HWA has also updated the physical award. Instead of a hammer, a new stylized sculpture has been designed and cast by the same company that mints the Bram Stoker Award statues. The new design will be shared at StokerCon2023.

The HWA periodically gives the Karen Lansdale Silver Hammer Award to an HWA volunteer who has done a truly massive amount of work for the organization, often unsung and behind the scenes. It was instituted in 1996, and is decided by a vote of HWA’s Board of Trustees.

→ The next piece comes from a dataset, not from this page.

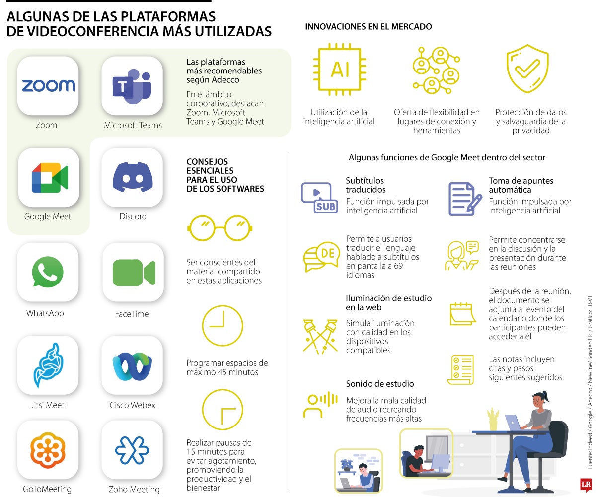 “Tras la llegada de la pandemia por covid-19, surgieron diversas plataformas que continúan vigentes y con gran presencia en el mercado. En el ámbito corporativo, destacan tres principales: Zoom, Microsoft Teams y Google Meet; estas herramientas siguen siendo las más utilizadas en las empresas, aunque algunas organizaciones también cuentan con soluciones internas. No obstante, en términos generales, estas son las que lideran el sector”, destacó Andrés Alvarado, director ejecutivo de LHH Colombia, empresa del Grupo Adecco.

The award is so named because it represents the careful, steady, continuous work of building HWA’s “house” — the many institutional systems that keep the organization functioning on a day-to-day basis.

Mentor of the Year Award

The recipient of the Mentor of the Year Award is David Jeffery.

David Jeffery

The HWA’s Mentor Program is available to all members of the organization. This popular program pairs newer writers with established professionals for an intensive four-month-long partnership. For new writers, the Program offers mentees a personal, one-on-one experience with a seasoned writer, tailor-made to help them grow in their writing and better market their work. For experienced writers, it is an opportunity to pay forward the assistance and encouragement other writers gave them when they were starting out. In addition, there is the added benefit of growing as a writer oneself through the act of teaching others. In short, the Program benefits all who participate, regardless of their roles.

Established in 2014, the Mentor of the Year Award recognizes one mentor in the Program who has done an outstanding job of helping new writers. The award is chosen by the current manager of the Program.